Bibliography entry: Only include if the chat has a publicly accessible URL (e.g., via ShareGPT or AI Archives). Otherwise, omit from bibliography. The footnote is sufficient.
If the prompt hasn’t appeared in your text, include it in the note:
- ChatGPT, response to “Explain how to make pizza dough from common household ingredients,” OpenAI, March 7, 2023.
Chicago Author-Date Format
In-text citation:
Recent advances in natural language processing have enabled more context-aware AI assistants (Claude, February 15, 2025).
Reference list entry: Only include if a stable public URL exists.
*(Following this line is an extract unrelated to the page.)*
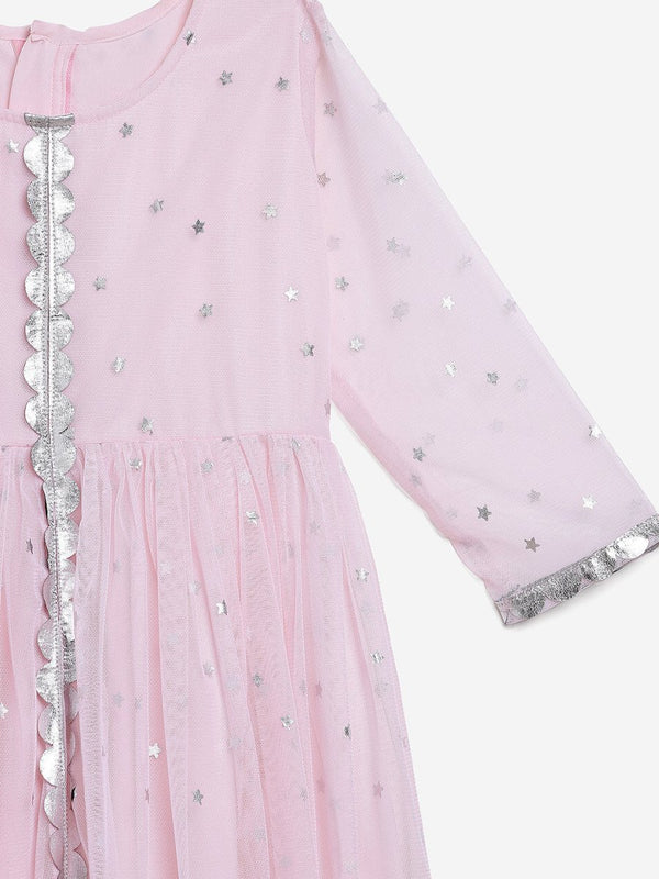 Ahalyaa Pink Crepe Front Slit Girl's Kurta This Ahalyaa kurti is an elegant pastel long anarkali kurta for girls. Perfect ethnic pick for your litt...

Otherwise, document in text only.
Key Chicago Principles
- AI chats go in footnotes, not bibliographies, unless a public URL is available.
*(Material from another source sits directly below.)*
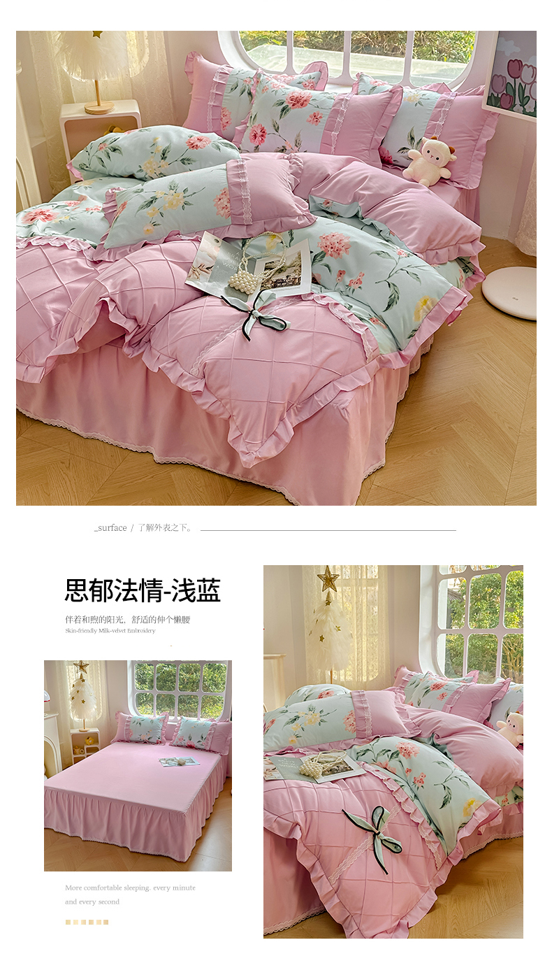 金米诺 2024新款蝴蝶结韩版蕾丝花边床裙四件套 思郁法情-浅蓝

- If you edited the AI-generated text, note that in the text or footnote.
- Chicago follows COPE’s position statement that AI cannot be an author.[3:1]
The Hallucination Problem: Verifying AI Sources
This is the most critical section for academic integrity. Every student using AI in research needs to understand what happens when AI fabricates citations.
What Is AI Hallucination?
AI hallucination refers to the phenomenon where AI models generate plausible-looking but fabricated information, including fake citations, nonexistent authors, incorrect DOIs, and made-up journal names. The models don’t retrieve factual information; they predict text patterns that sound correct.[4]
The scale is staggering:
- 25–40% of AI-generated references are completely fabricated[4:1]
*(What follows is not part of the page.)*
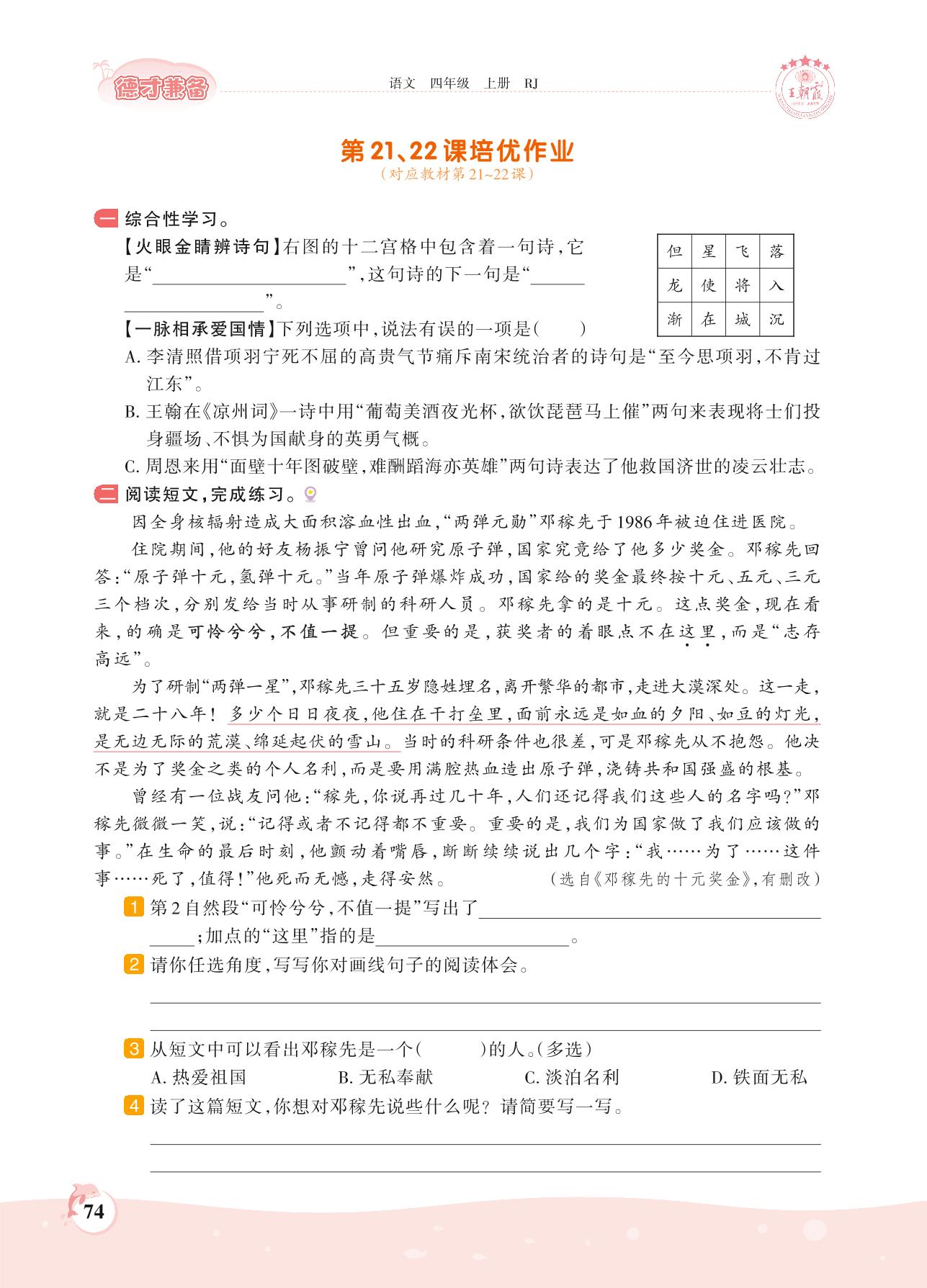 2021上册四年级语文人教版 第七单元——第21、22课培优作业

- Only 26.5% of AI-generated references are fully accurate[4:2]
- Up to 93% of AI citations in academic work contain errors or are entirely invented[4:3]
- Nature (April 2026) reported that “tens of thousands of publications from 2025 may include invalid references generated by AI,” based on an audit finding rates of fabricated citations climbed steeply since 2023.[5]
- At NeurIPS 2025, approximately 100 hallucinated citations made it through peer review before being flagged.[4:4]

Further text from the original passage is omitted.